São Carlos FC
- Full name: São Carlos Futebol Clube
- Nicknames: Águia da Central Sanca
- Founded: 25 November 2004; 21 years ago
- Ground: Prof. Luiz Augusto de Oliveira
- Capacity: 10,000
- Chairman: Adílson Ferreira Brito
- League: Campeonato Paulista Segunda Divisão
- 2025 [pt]: Paulista Segunda Divisão, 13th of 15
| Home colours | Away colours |

= São Carlos Futebol Clube =

Brazilian football club

São Carlos Futebol Clube, more commonly referred to as São Carlos, is a Brazilian football club based in São Carlos, São Paulo.

Founded on 25 November 2004, they play in blue and yellow shirts, blue shorts and socks.

==History==
The club was founded on 25 November 2004, by club company.

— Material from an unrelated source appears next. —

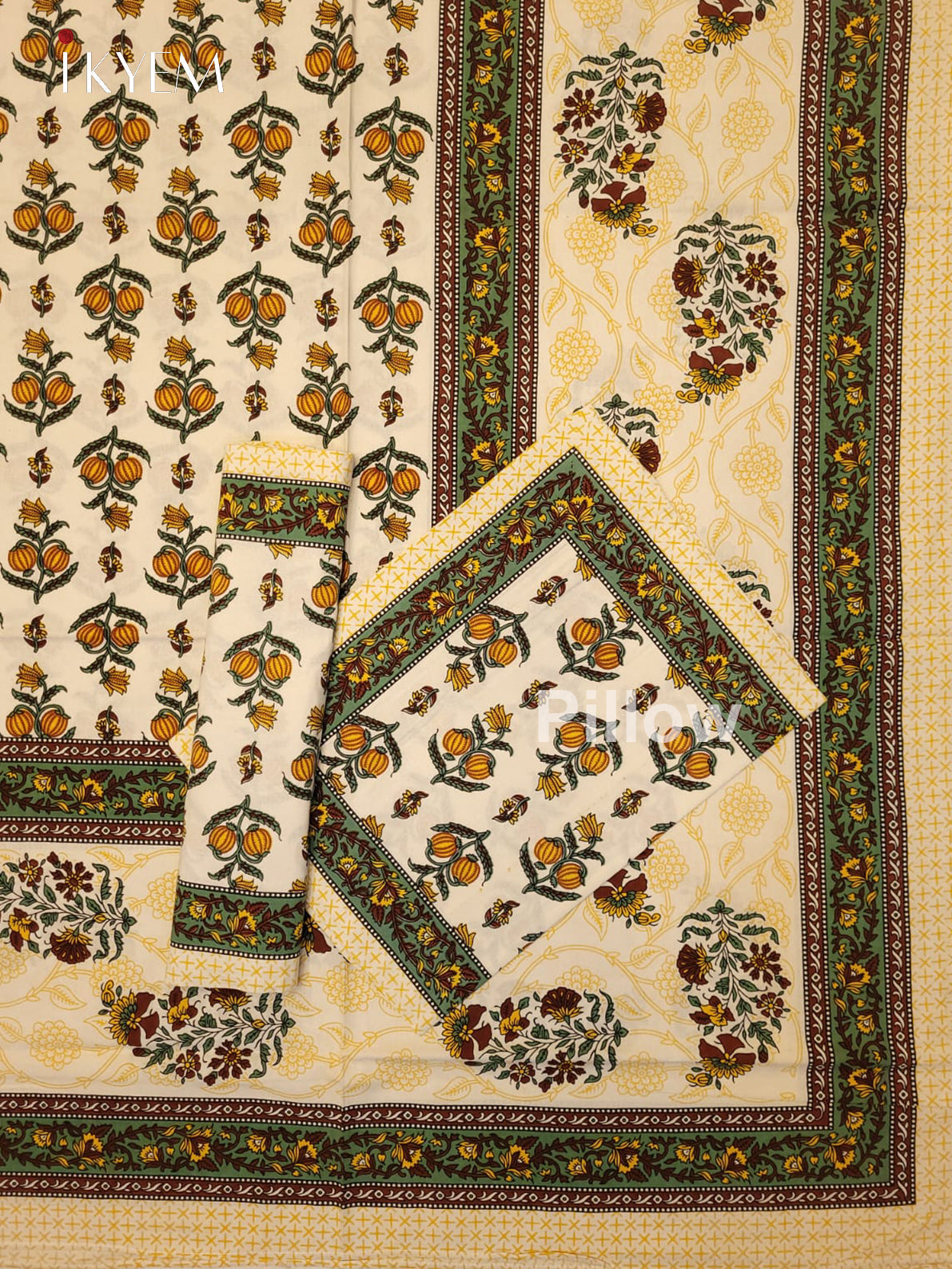 Experience the pinnacle of comfort and elegance with our Cream & Yellow Jaipuri Printed Bedspread, complete with two matching pillow covers. Adorned with stunning floral designs and vibrant hues, this bedspread is crafted from high-quality cotton for the ultimate combination of style and coziness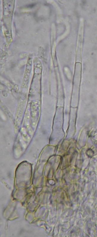 Asci 35-45 x 6-7 µm, pleurorhynch, pore amyloid. Paraphyses filiform with 2-2.5 µm diameter and sometimes slightly broder at apex. Spores variable in size and shape, mostly ellipsoid with two small drops, 6-9 x 2-2.5. Hairs straight or slightly sinuous, I measured up to 90 µm in length, basal cells slightly brownish (see photos).

The mascot of the club is an Eagle.

==Honours==
- Campeonato Paulista Série A4
  - Winners (2): 2005, 2015

==Stadium==

São Carlos FC plays their matches at Luisão Stadium, inaugurated on 3 November 1968, with a maximum capacity of 10,000 people.

==Trivia==
- The club's mascot is an eagle.
- São Carlos FC is the only São Carlos's club to reach the Campeonato Paulista third division.